**Work instruction**:
Transcribe, starting at the line with "At higher pledge" and ending at the line with "А теперь самое", every line of the material below exactly, but leave out the pictures and anything outside that span.

**Exercise data**:
[Start of Attachment]

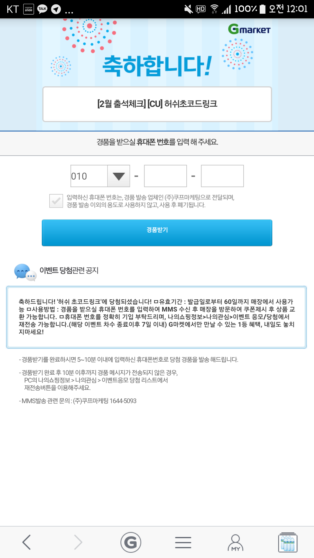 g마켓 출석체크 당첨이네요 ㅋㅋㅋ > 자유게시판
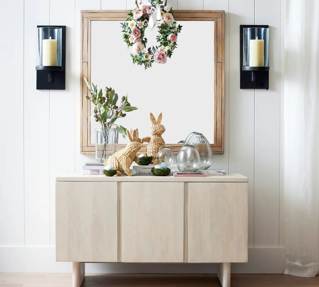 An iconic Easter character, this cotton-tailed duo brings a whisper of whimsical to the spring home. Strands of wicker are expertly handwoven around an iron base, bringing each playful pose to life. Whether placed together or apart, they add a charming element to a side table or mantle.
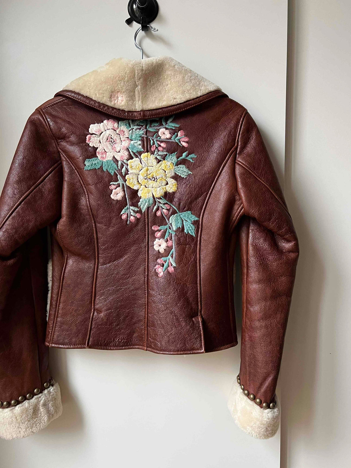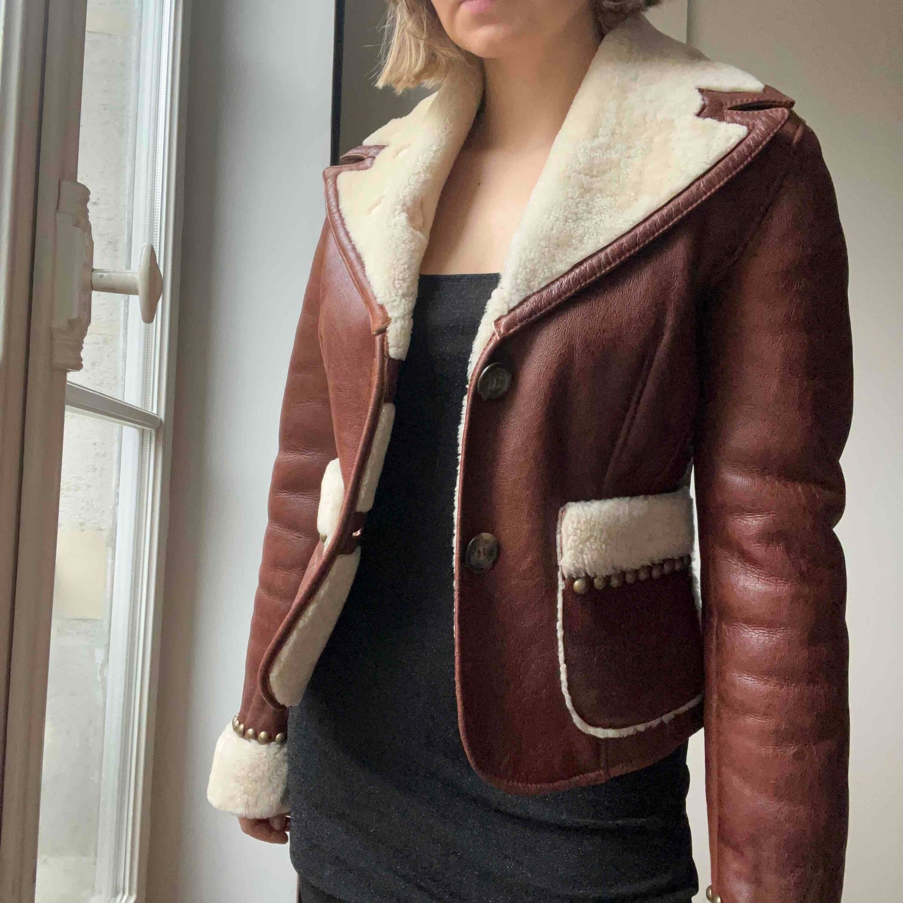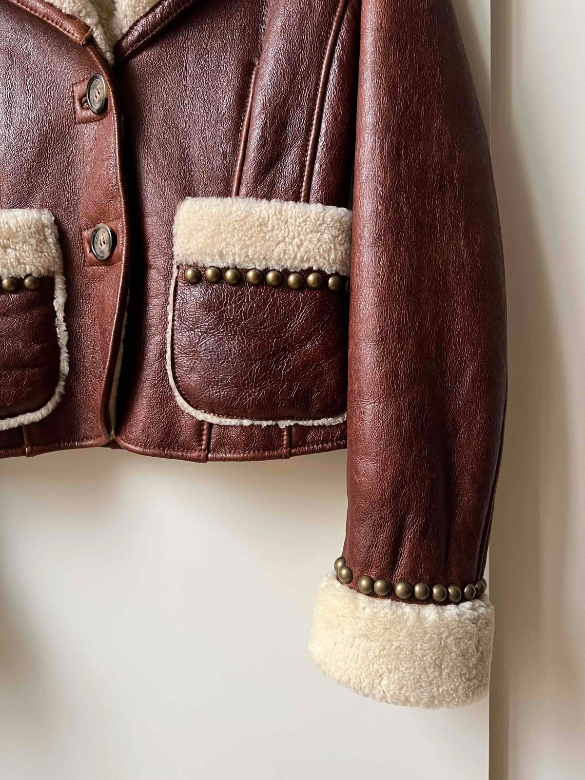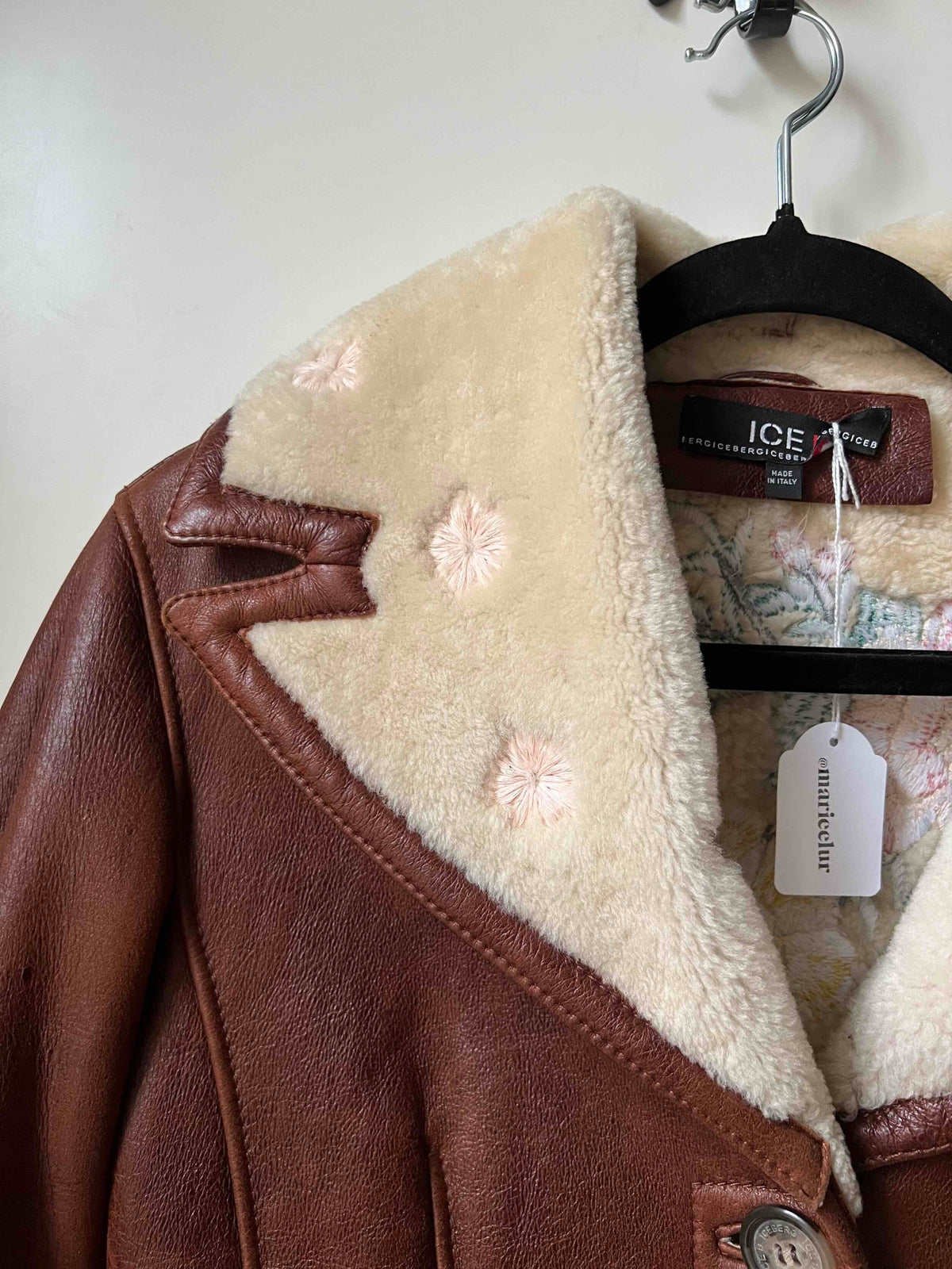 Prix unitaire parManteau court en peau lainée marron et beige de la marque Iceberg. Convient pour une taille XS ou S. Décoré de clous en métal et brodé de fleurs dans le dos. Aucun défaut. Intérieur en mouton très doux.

[End of Attachment]
[Start of Attachment]

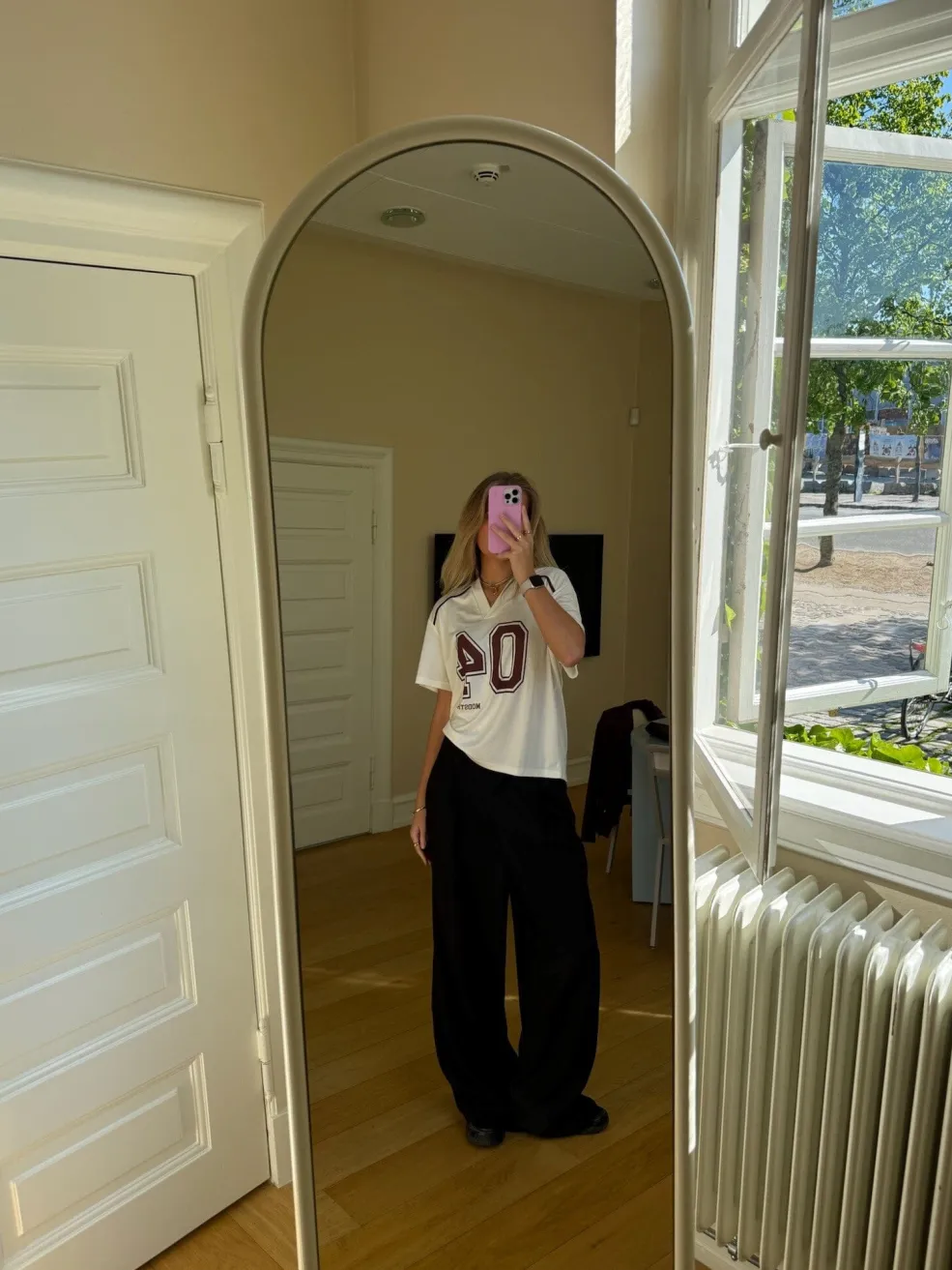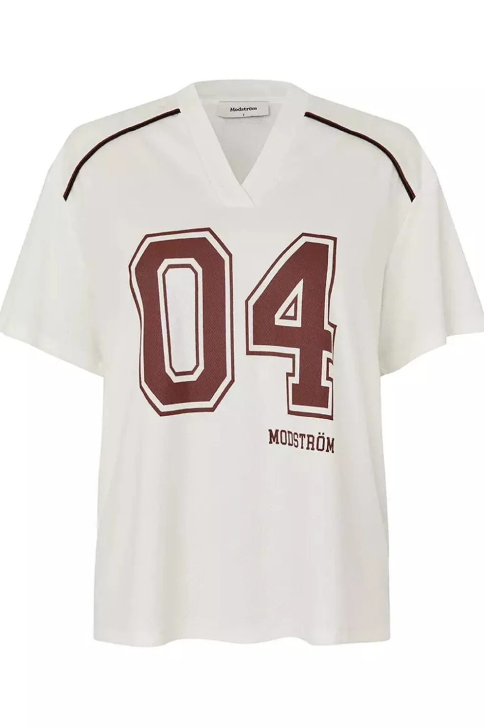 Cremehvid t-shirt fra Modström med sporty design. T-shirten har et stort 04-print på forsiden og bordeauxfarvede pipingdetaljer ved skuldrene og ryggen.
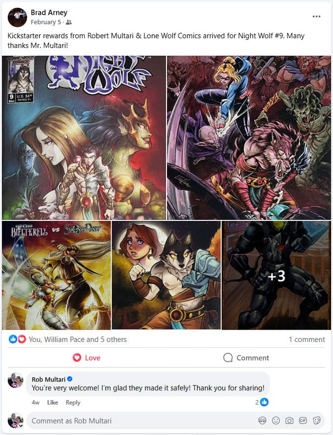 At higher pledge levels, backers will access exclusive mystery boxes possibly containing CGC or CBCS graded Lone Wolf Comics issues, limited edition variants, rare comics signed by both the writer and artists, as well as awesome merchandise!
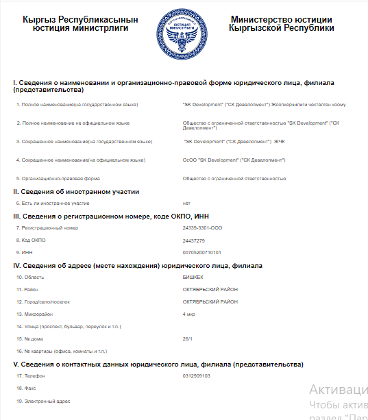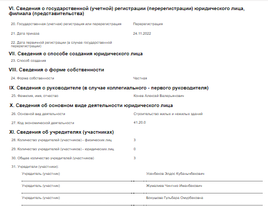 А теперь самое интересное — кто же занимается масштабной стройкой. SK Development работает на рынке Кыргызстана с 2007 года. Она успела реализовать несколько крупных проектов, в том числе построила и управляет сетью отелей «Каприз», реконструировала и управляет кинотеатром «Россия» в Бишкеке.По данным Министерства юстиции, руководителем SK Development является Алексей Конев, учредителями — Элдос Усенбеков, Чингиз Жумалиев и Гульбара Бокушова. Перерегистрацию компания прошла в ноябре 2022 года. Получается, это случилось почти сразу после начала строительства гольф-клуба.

[End of Attachment]

**Solution for this exercise**:
 At higher pledge levels, backers will access exclusive mystery boxes possibly containing CGC or CBCS graded Lone Wolf Comics issues, limited edition variants, rare comics signed by both the writer and artists, as well as awesome merchandise!
 А теперь самое интересное — кто же занимается масштабной стройкой. SK Development работает на рынке Кыргызстана с 2007 года. Она успела реализовать несколько крупных проектов, в том числе построила и управляет сетью отелей «Каприз», реконструировала и управляет кинотеатром «Россия» в Бишкеке.По данным Министерства юстиции, руководителем SK Development является Алексей Конев, учредителями — Элдос Усенбеков, Чингиз Жумалиев и Гульбара Бокушова. Перерегистрацию компания прошла в ноябре 2022 года. Получается, это случилось почти сразу после начала строительства гольф-клуба.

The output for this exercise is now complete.